* **Activity**
Return each line of the listing below, unchanged, and omit the images.

--- Recorded information Enclosed Below ---

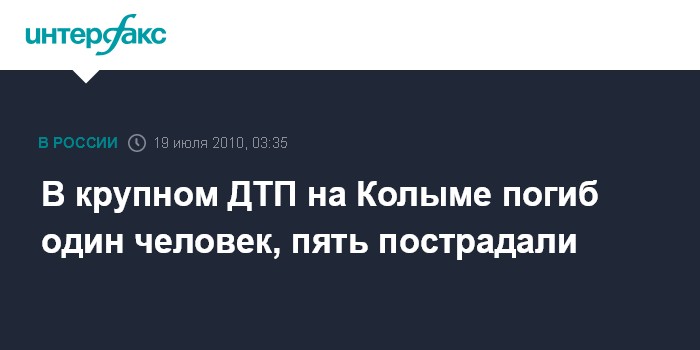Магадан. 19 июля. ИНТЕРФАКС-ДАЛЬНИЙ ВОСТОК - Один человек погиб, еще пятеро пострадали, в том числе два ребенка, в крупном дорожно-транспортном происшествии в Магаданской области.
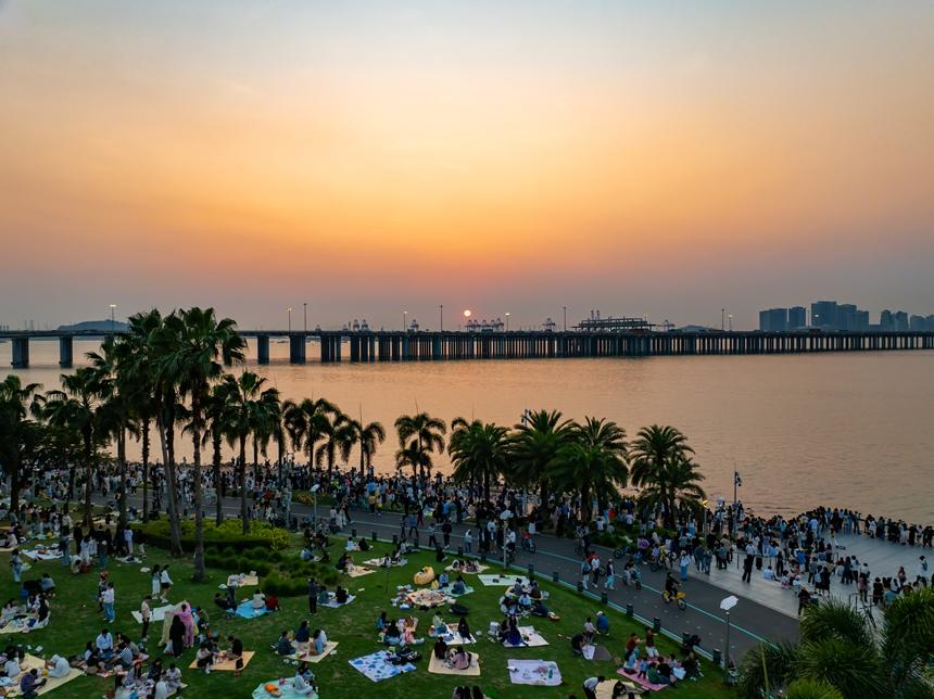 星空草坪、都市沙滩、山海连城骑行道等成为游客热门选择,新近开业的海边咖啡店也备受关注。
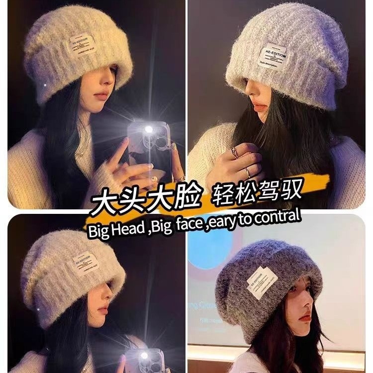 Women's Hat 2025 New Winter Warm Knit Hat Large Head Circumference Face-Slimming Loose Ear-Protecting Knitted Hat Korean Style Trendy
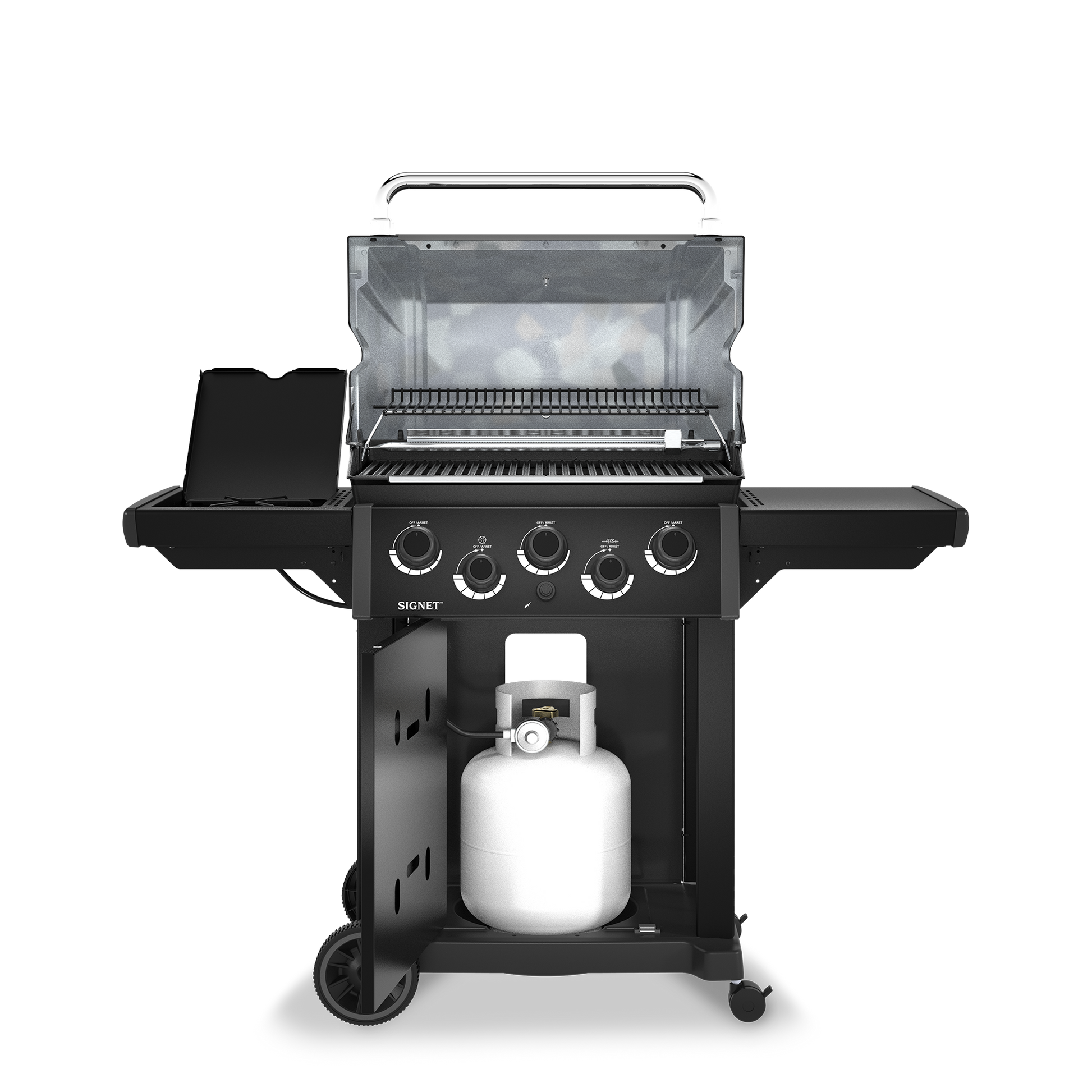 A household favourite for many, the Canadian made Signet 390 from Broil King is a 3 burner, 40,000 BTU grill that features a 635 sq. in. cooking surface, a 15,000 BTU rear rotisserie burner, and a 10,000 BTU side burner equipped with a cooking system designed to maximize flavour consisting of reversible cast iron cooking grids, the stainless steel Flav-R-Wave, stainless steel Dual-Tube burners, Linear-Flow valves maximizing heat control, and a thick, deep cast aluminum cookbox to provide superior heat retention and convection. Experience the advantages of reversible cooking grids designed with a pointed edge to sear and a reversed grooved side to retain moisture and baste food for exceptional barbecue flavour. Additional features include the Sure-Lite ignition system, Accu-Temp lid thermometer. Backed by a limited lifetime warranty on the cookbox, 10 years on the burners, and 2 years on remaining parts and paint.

--- End of Enclosed Recorded information ---

* **Answer**
Магадан. 19 июля. ИНТЕРФАКС-ДАЛЬНИЙ ВОСТОК - Один человек погиб, еще пятеро пострадали, в том числе два ребенка, в крупном дорожно-транспортном происшествии в Магаданской области.
 星空草坪、都市沙滩、山海连城骑行道等成为游客热门选择,新近开业的海边咖啡店也备受关注。
 Women's Hat 2025 New Winter Warm Knit Hat Large Head Circumference Face-Slimming Loose Ear-Protecting Knitted Hat Korean Style Trendy
 A household favourite for many, the Canadian made Signet 390 from Broil King is a 3 burner, 40,000 BTU grill that features a 635 sq. in. cooking surface, a 15,000 BTU rear rotisserie burner, and a 10,000 BTU side burner equipped with a cooking system designed to maximize flavour consisting of reversible cast iron cooking grids, the stainless steel Flav-R-Wave, stainless steel Dual-Tube burners, Linear-Flow valves maximizing heat control, and a thick, deep cast aluminum cookbox to provide superior heat retention and convection. Experience the advantages of reversible cooking grids designed with a pointed edge to sear and a reversed grooved side to retain moisture and baste food for exceptional barbecue flavour. Additional features include the Sure-Lite ignition system, Accu-Temp lid thermometer. Backed by a limited lifetime warranty on the cookbox, 10 years on the burners, and 2 years on remaining parts and paint.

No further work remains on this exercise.